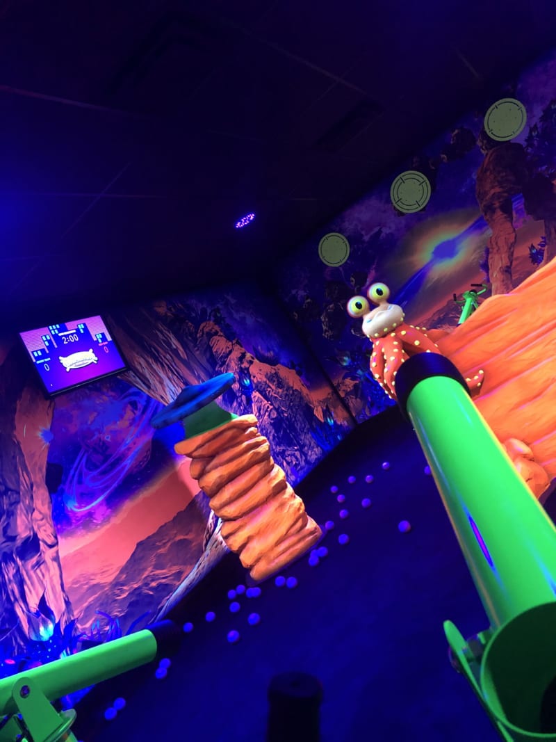 Hornbrook Hollow brings glowing, high-energy fun to Grande Prairie as the city’s only UV glow mini golf facility—an experience designed for all ages and abilities. Perfect for family gatherings, team-building events, date nights, and school field trips, the course features vibrant blacklight scenes and imaginative settings that make every game memorable. Visitors can also dive into the thrill of the Lost in Space–Balladium arena, where eight air cannons launch foam balls in an action-packed, space-themed battle that guarantees laughter and excitement.
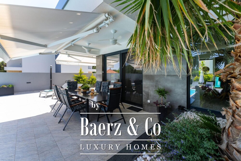 The upper level offers three additional bedrooms, each with its own bathroom and access to open terraces, allowing for a gentle dialogue between indoor comfort and outdoor space. The property frames refined Croatian light through expansive windows, while the garden, complete with automatic irrigation, is home to a heated swimming pool, sun deck, and an outdoor dining area—designed for both quiet mornings and convivial evenings.
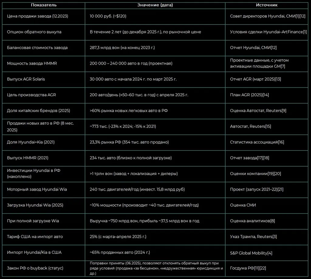 [8] — Статья корейского издания: отмечается, что Hyundai продала завод в 2023 с правом выкупа до конца 2025; при окончании войны РФ–США вероятно возвращение. Указано, что завод Hyundai Wia в РФ при полной загрузке может дать 750 млрд вон выручки и 37,5 млрд вон прибыли (5% маржа).
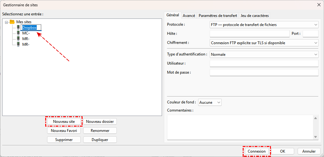 Ouvrez FileZilla, allez dans « Fichier » > « Gestionnaire de sites » > « Nouveau site », puis cliquez sur « Dropbox » pour saisir vos identifiants FTP Dropbox. Une fois les paramètres définis, cliquez sur « Connexion ».
★ ★ ★ ★ ★ ★ ★
* _EXERCISE REQUIREMENTS_:
Your copy of the data should match it exactly, apart from the images, which are omitted.

* _TASK RESPONSE_:
 Hornbrook Hollow brings glowing, high-energy fun to Grande Prairie as the city’s only UV glow mini golf facility—an experience designed for all ages and abilities. Perfect for family gatherings, team-building events, date nights, and school field trips, the course features vibrant blacklight scenes and imaginative settings that make every game memorable. Visitors can also dive into the thrill of the Lost in Space–Balladium arena, where eight air cannons launch foam balls in an action-packed, space-themed battle that guarantees laughter and excitement.
 The upper level offers three additional bedrooms, each with its own bathroom and access to open terraces, allowing for a gentle dialogue between indoor comfort and outdoor space. The property frames refined Croatian light through expansive windows, while the garden, complete with automatic irrigation, is home to a heated swimming pool, sun deck, and an outdoor dining area—designed for both quiet mornings and convivial evenings.
 [8] — Статья корейского издания: отмечается, что Hyundai продала завод в 2023 с правом выкупа до конца 2025; при окончании войны РФ–США вероятно возвращение. Указано, что завод Hyundai Wia в РФ при полной загрузке может дать 750 млрд вон выручки и 37,5 млрд вон прибыли (5% маржа).
 Ouvrez FileZilla, allez dans « Fichier » > « Gestionnaire de sites » > « Nouveau site », puis cliquez sur « Dropbox » pour saisir vos identifiants FTP Dropbox. Une fois les paramètres définis, cliquez sur « Connexion ».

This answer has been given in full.